# Load packages

In [1]:
import numpy as np # linear algebra
import pandas as pd # data processing, CSV file I/O (e.g. pd.read_csv)

import torch
import torch.nn as nn
import torch.optim as optim

import torch.nn.functional as F
from torch.utils.data import Dataset, DataLoader

from transformers import BertTokenizer, BertModel

import matplotlib.pyplot as plt

import time

# Wandb login & Config & Loading Data

In [2]:
#import wandb
#from kaggle_secrets import UserSecretsClient
#user_secrets = UserSecretsClient()
#secret_value_0 = user_secrets.get_secret("wandb_key")

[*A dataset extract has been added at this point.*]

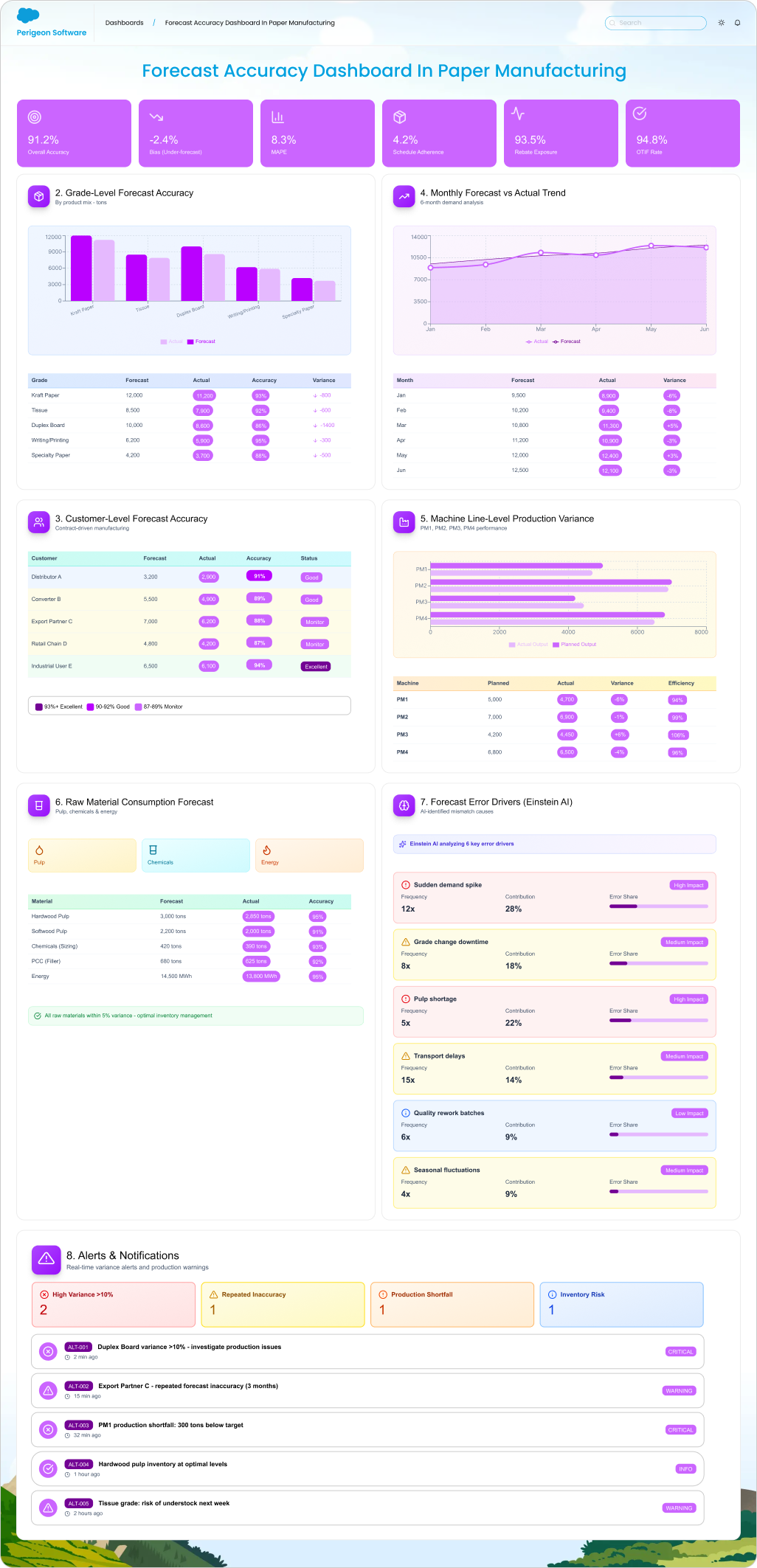 Forecast Accuracy Dashboard in Paper ManufacturingA Salesforce dashboard showing forecast vs. actual demand by paper grade, with trend lines and confidence intervals.

#wandb.login(key = secret_value_0)

In [3]:
class config:
    seed = 42
    
    ## train parameters
    BATCH_SIZE = 64
    EPOCHES = 200
    num_warmup_rate=0.05
    n_clusters = 140
    model_name = 'BERT-MLP'

In [4]:
df_b = pd.read_csv('/home/zhaojinyue/workspace/intent-cluster/archive/data/banking/train.tsv', sep='\t')
df_c = pd.read_csv('/home/zhaojinyue/workspace/intent-cluster/archive/data/clinc/train.tsv', sep='\t')
df_b_te = pd.read_csv('/home/zhaojinyue/workspace/intent-cluster/archive/data/clinc/test.tsv', sep='\t')
df_b_dev = pd.read_csv('/home/zhaojinyue/workspace/intent-cluster/archive/data/banking/dev.tsv', sep='\t')

In [5]:
df_b.head()

Unnamed: 0,text,label
0,Could you help my figure out the exchange fee?,exchange_charge
1,I made a cash deposit to my account but i don'...,balance_not_updated_after_cheque_or_cash_deposit
2,Hello - I'm on the app and trying to purchase ...,beneficiary_not_allowed
3,Why is it saying I have a pending payment?,pending_card_payment
4,Is there an extra charge to exchange different...,exchange_charge


# class mapping dict

In [6]:
df = df_b
df_te = df_b_te
num_classes = df['label'].nunique()*2

In [7]:
label_mapping = {v:i for i,v in enumerate(df['label'].unique())}
df['label_num'] = df['label'].map(label_mapping)
df_te['label_num'] = df_te['label'].map(label_mapping)

# Dataset

In [8]:
tokenizer = BertTokenizer.from_pretrained('/home/zhaojinyue/workspace/intent-cluster/bert')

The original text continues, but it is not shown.